Figures 3.19 and 3.20 show the result of decomposing the number of persons in the civilian labour force in Australia each month from February 1978 to August 1995.
The trend rises steadily from around 6.0k to 9k, so the long run movement dominates the series.
Paying attention to the different y-axis scales makes it clear that trend is the main driver, seasonality is consistent but comparatively small
The remainder is usually modest , but there’s a large negative outlier in the early 1990s , this can be also noise.
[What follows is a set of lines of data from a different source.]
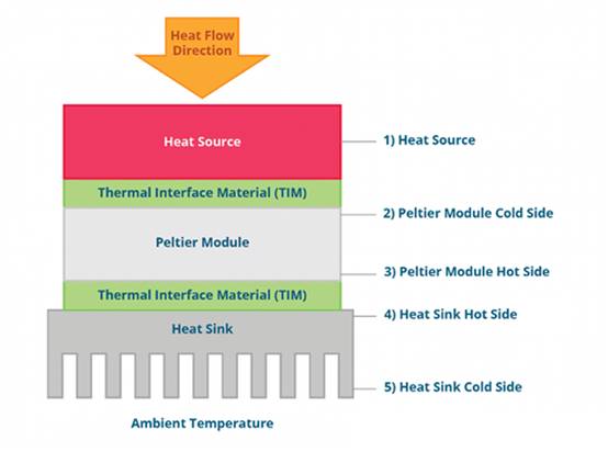 圖4所示即為熱源和散熱器之間的熱能流動。CUI Devices提供一系列標準型和微型珀爾帖模塊,可適應高達+77°C的溫度梯度。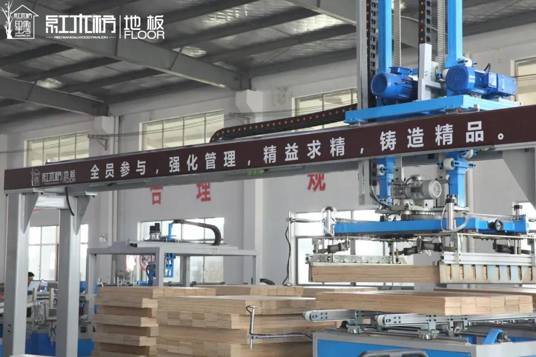 紅木枋地板生產(chǎn)硬件在公司喬遷新生產(chǎn)基地的同時(shí),再度更新?lián)Q代全面升級。據紅木枋家居董事長(cháng)張超透露,隨著(zhù)生產(chǎn)設備的升級換代,2019年,紅木枋地板將達到一個(gè)全新的工藝水平,正式邁入工業(yè)制造4.0時(shí)代。參觀(guān)紅木枋全新的生產(chǎn)車(chē)間,可以看到在紅木枋地板從開(kāi)槽機口進(jìn)入,后通過(guò)傳動(dòng)輥臺輸送到自動(dòng)化鋸切線(xiàn)、封蠟線(xiàn)、包裝線(xiàn)等,最后包裝完畢的成品,又被機械臂整齊堆放成一摞,這條更富科技更高效率的生產(chǎn)線(xiàn)已初具雛形。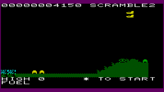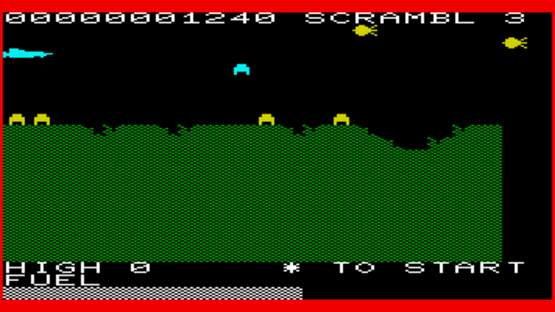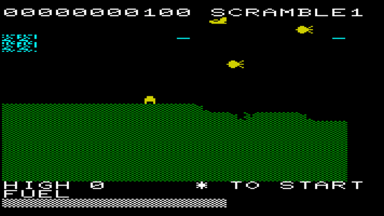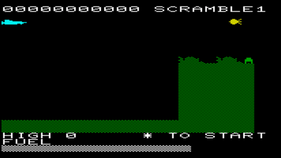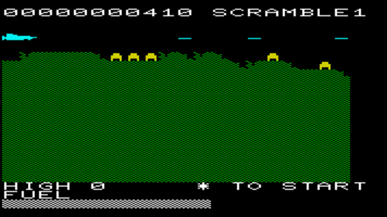 VIC Scramble is another Scramble game for the VIC-20, but with some alterations that make it stand out. As usual, you fly with a ship through a system of caves, but this cave lacks the usual roof. You shoot or drop bombs at the usual missiles, saucers and fuel pods, but in this version, you don't shoot and bomb simultaneously. Bombs are released by pulling back on the joystick with the fire button pressed. Of course, this means that you can't go back and forth as usual, instead your ship is glued to the back of the screen. While the scrolling is forced, pushing forward makes it speed up, so that you can fly away from missiles and other threats. As you go deeper into the caves, the border colour changes.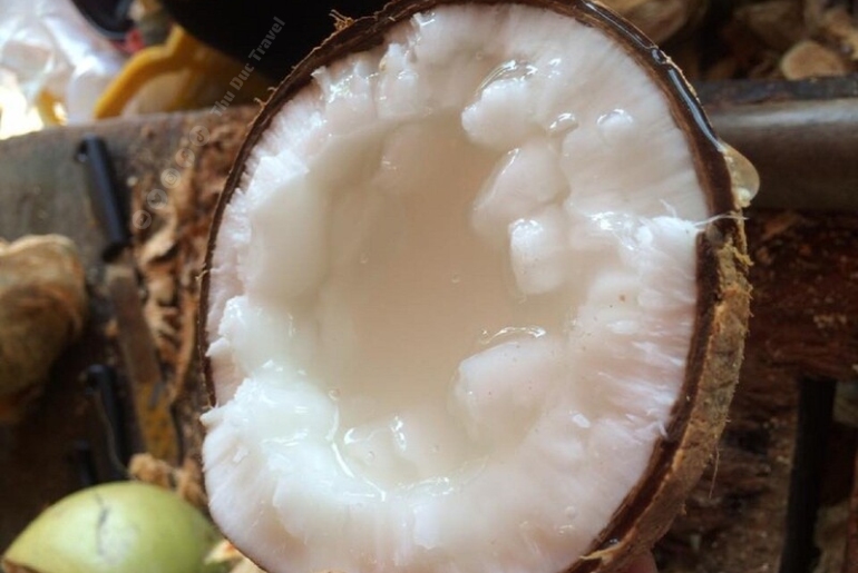 Khác với dừa thường, dừa sáp có phần cơm dày, dẻo và xốp, nước dừa rất ít, sánh đặc như kem. Khi bổ ra, phần ruột dừa trắng ngần, mềm mịn, có thể dùng muỗng xúc ăn trực tiếp. Chính kết cấu độc đáo và hương vị béo thơm tự nhiên đã tạo nên sức hút riêng biệt cho dừa sáp Trà Vinh, khiến nhiều du khách không ngần ngại tìm mua dù giá thành khá cao.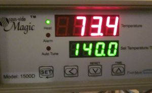 It takes maybe half an hour to set everything up. Once it’s cooking I can pretty much leave it (for a couple days if necessary). I have made mistakes here and there like forgetting to put the probe in the water and plugging the air pump into the SVM (both end up with the bags boiling). I have a permanent label on the Nesco cord and I try to keep a close eye on the probe now. One other time I let the air hoses drop down which created a siphon and a huge puddle on the floor. In spite of the learning curve (and stupid mistakes) it’s been fun to try.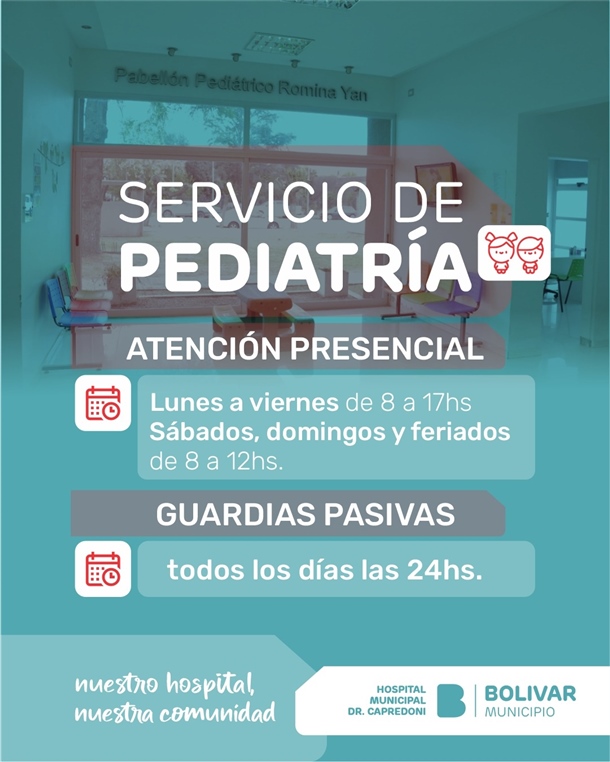 El Servicio de Pediatría del Hospital Municipal Capredoni cuenta con un hall exclusivo para pacientes pediátricos y funciona con atención presencial de lunes a viernes hasta las 17 h en el Pabellón Romina Yan. Los días sábados, domingos y feriados, el servicio dispone de atención pediátrica hasta el mediodía.

b.Is the recession of 1991/1992 visible in the estimated components?
Yes, the recession of 1991/1992 is visible in the estimated components. The trend component shows a noticeable dip during this period before resuming its rise, and the remainder shows a large negative spike around the same time.